Experimental evolution of 10 independent lineages was accomplished by serial batch culture of each lineage for 500 generations in 10 ml M9 with 2 g/liter glucose as sole carbon source and 5 ml/liter stock E (Stanier *et al.* 1966) in 50-ml flasks, which were shaken at 225 rpm at 30°. This medium supported a stationary-phase density of ∼4 × 10^{9}/ml. Five lineages were founded from *E. coli* K12(pB10) and five from *E. coli* K12::Km(pB10). Every 24 hr, 39 μl of each population was transferred to fresh media. The regime permitted 8 generations of binary fission every day. At 100-generation intervals a 1-ml sample of each population was mixed with 0.3 ml glycerol and archived at −80°. The founding populations were archived in the same way.

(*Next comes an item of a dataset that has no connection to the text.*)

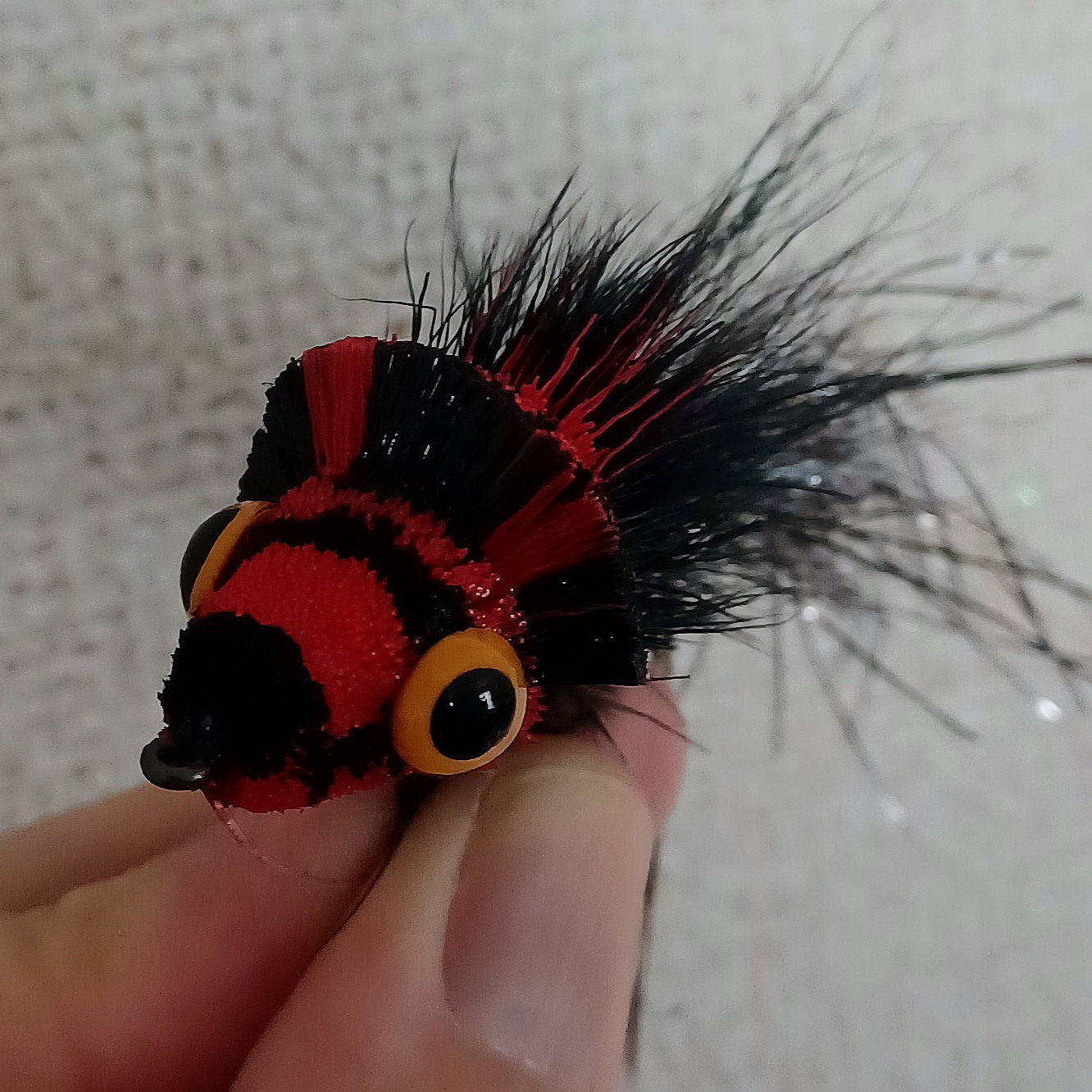 Despite our storm front tubing last week, Chuck and I felt that fishing the first typhoon of the year was probably a bit too much this week. So I spent Monday putting a few mulberry patterns in my box as well as practising a bit more with the hairbugs for my bass box. I did get a bit of fishing in yesterday before work though.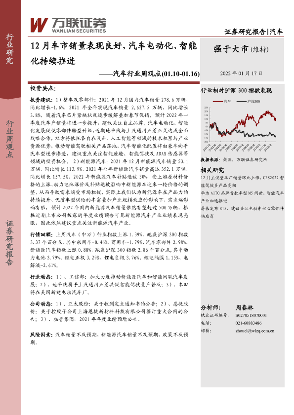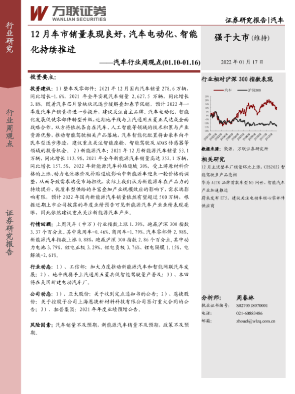 【万联证券】【20220117】12月车市销量表现良好,汽车电动化、智能化持续推进-11页

#### Screening for tetracycline-sensitive clones:

At weekly intervals from day 14 on, a sample from three lineages of each K12(pB10) and K12::Km(pB10) was plated on LB and colonies were picked onto LBTc, LBAmx, and LB. Colonies that scored Tc^{−}Amx^{+}Sm^{+} were archived at −80°. From both archived start cultures, *E. coli* K12(pB10) and *E. coli* K12::Km(pB10), a sample was plated on LB, and 1000 colonies were picked onto LBTc, LBAmx, and LB. Samples from the frozen cultures that were archived every 100 generations were plated onto LB and colonies (see Table 1 for sample size) were picked onto LBTc, LBAmx, and LB.

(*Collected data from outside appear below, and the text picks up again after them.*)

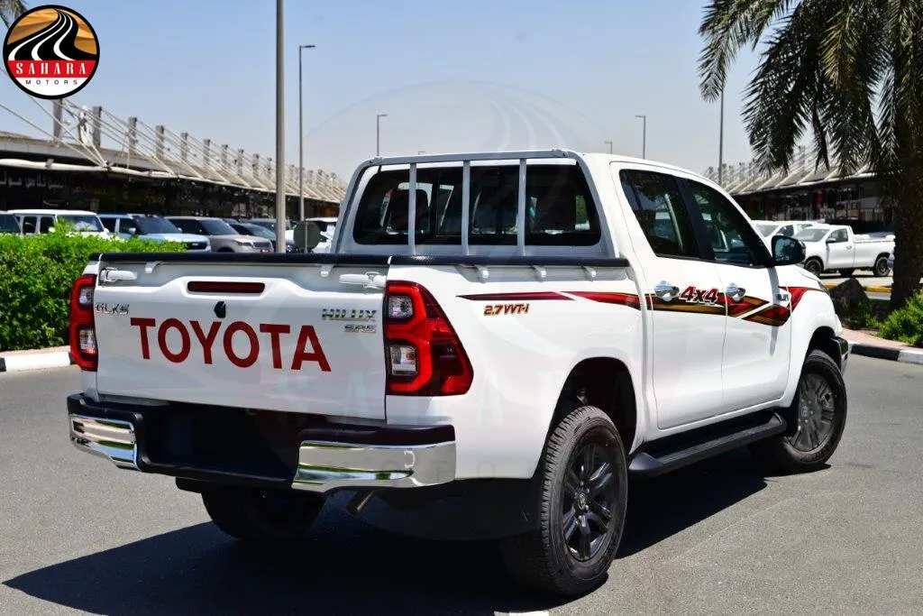 The 2025 Toyota Hilux Double Cab Pickup GLX-S V 2.7L Petrol 4WD is a robust and versatile vehicle designed for both work and leisure. Featuring a spacious 5-seater cabin with premium materials, it combines comfort with practicality. The powerful 2.7L petrol engine delivers reliable performance, complemented by an automatic transmission for smooth driving. With its advanced 4WD system, the Hilux excels in off-road conditions, while modern safety features and technology ensure a secure and connected driving experience. Whether navigating city streets or rugged terrain, the Hilux stands out as a dependable and stylish choice.
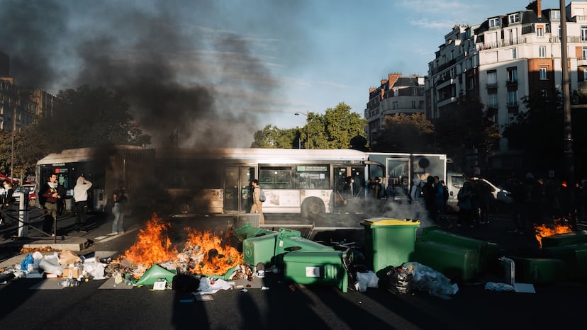 El ministro del Interior, Bruno Retailleau, denunció el “clima de insurrección” en el país y destacó “la Francia del coraje frente a la Francia del sabotaje”, en referencia a los 80.000 agentes y gendarmes desplegados para tratar de minimizar los bloqueos. El dispositivo era tan ambicioso porque, a diferencia de otras jornadas de huelga, no había una manifestación convocada con un itinerario concreto, sino acciones dispersas e imprevisibles. Interior temía que esto se desbordase, como ocurrió durante el inicio de la crisis de los chalecos amarillos, el movimiento que se inició en redes sociales, de manera espontánea, en otoño de 2018 y acabó con manifestaciones violentas y paralizando Francia.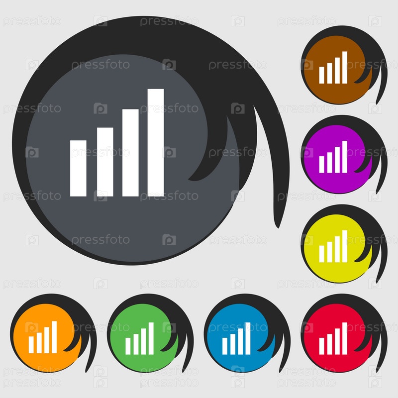 Знак мобильного сигнала. Символ Wi-Fi. Иконка беспроводной сети. Зона WiFi. Символы на восьми цветных кнопках. Вектор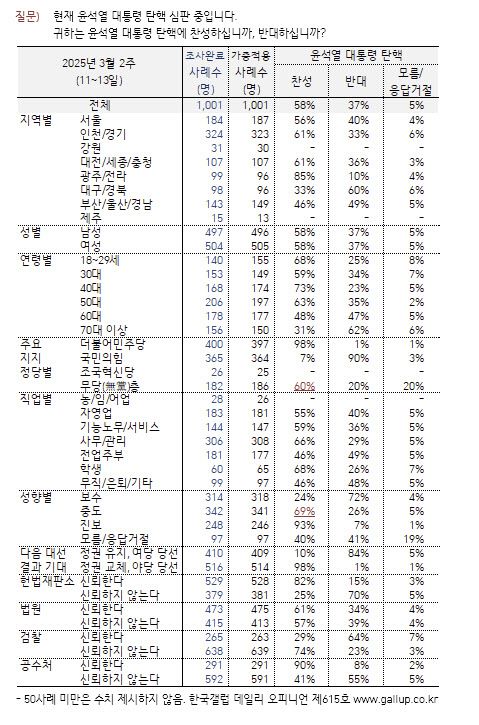 여론조사 전문기관 한국갤럽이 11~13일 실시한 조사에 따르면 윤 대통령 탄핵에 대해 응답자 중 58%가 찬성한다고 답했다. 탄핵을 반대한다는 응답자는 37%였다. 탄핵에 찬성한다는 응답자는 지난주보다 2%포인트 줄었고, 반대 비율은 2%포인트 늘었다. 지난주 구속 취소로 윤 대통령이 서울구치소에서 석방됐으나 여론 지형엔 큰 변화 없이 오차 범위 안에서 찬반 비율이 움직였다.

#### Plasmid extraction and restriction enzyme analysis:

Plasmids were extracted from cells grown in LBTc or LBAmx using the QIAprep spin miniprep kit according to the manufacturer's instructions (QIAGEN, Valencia, CA) and digested with *Hin*dIII or *Not*I (Invitrogen, Carlsbad, CA). Samples were loaded on a 0.8% agarose gel and run for ∼16.5 hr at 30 V. The gels were stained with ethidium bromide and the bands were visualized by UV light.

#### PCR and sequencing:

PCR was used to assess the occurrence of recombination between the direct repeats that flank the tetracycline-resistance operon. These primers (forward, 5′-GACGGCGGCCTGGAGACAAGTC; reverse, 5′-TTTGCTCGGTGCCCTTTCGGGTAA) targeted the regions on the plasmid (Schlüter *et al.* 2003) just outside the direct repeat sequences as described previously (Flores *et al.* 2000). If no recombination has taken place and the tetracycline-resistance operon is still present in the plasmid, the annealed primers would be separated by an ∼6.4-kb stretch and the PCR reaction would not continue. If recombination has occurred and the tetracycline-resistance genes have been lost, the primers would be separated by ∼900 bp and a PCR product of that size would be formed. PCR products were cleaned with the MiniElute PCR purification kit according to the manufacturer's instructions (QIAGEN).

To sequence the 900-bp fragment, 2 μl of PCR product was mixed with 1 μl of either the forward or the reverse primer and 3 μl ddH_{2}O and put at 95° for 5 min, after which it was cooled down to 50°. Then, 4 μl of BigDye Terminator cycle sequencing ready reaction mix (Version 3.0; Perkin-Elmer, Foster City, CA) was added. Cycle sequencing conditions (Peltier Thermal Cycler-200; MJ Research, Reno, NV) were as follows: 95° for 30 sec, 50° for 20 sec, 60° for 4 min, with a total of 44 cycles performed. The sequencing products were cleaned with the DyeEx 2.0 spin kit (QIAGEN) for dye-terminator removal, followed by vacuum centrifuging for 10 min, after which 10 μl formamide was added and the samples were put at 96° for 3 min. They were kept on ice before running on a POP6 polymer on a 3100 DNA automated capillary sequencer (Applied Biosystems, Foster City, CA).

#### Electroporation:

To obtain ancestral strains carrying evolved, mutated pB10 plasmids, *E. coli* K12 cells were prepared for electroporation according to Enderle and Farwell (1998). Approximately 200 ng of plasmid DNA was added to each of the cell suspensions and the mixtures were brought into electroporation cuvettes (1 mm gap, 100 μl volume; Eppendorf, Hamburg, Germany) and electroporated at 2.5 kV (25 μF, 200 Ω). The suspensions were then immediately transferred to SOC medium (Sambrook and Russel 2001), incubated for 1 hr at 37°, and plated on selective media after which the presence of the appropriate plasmid was confirmed.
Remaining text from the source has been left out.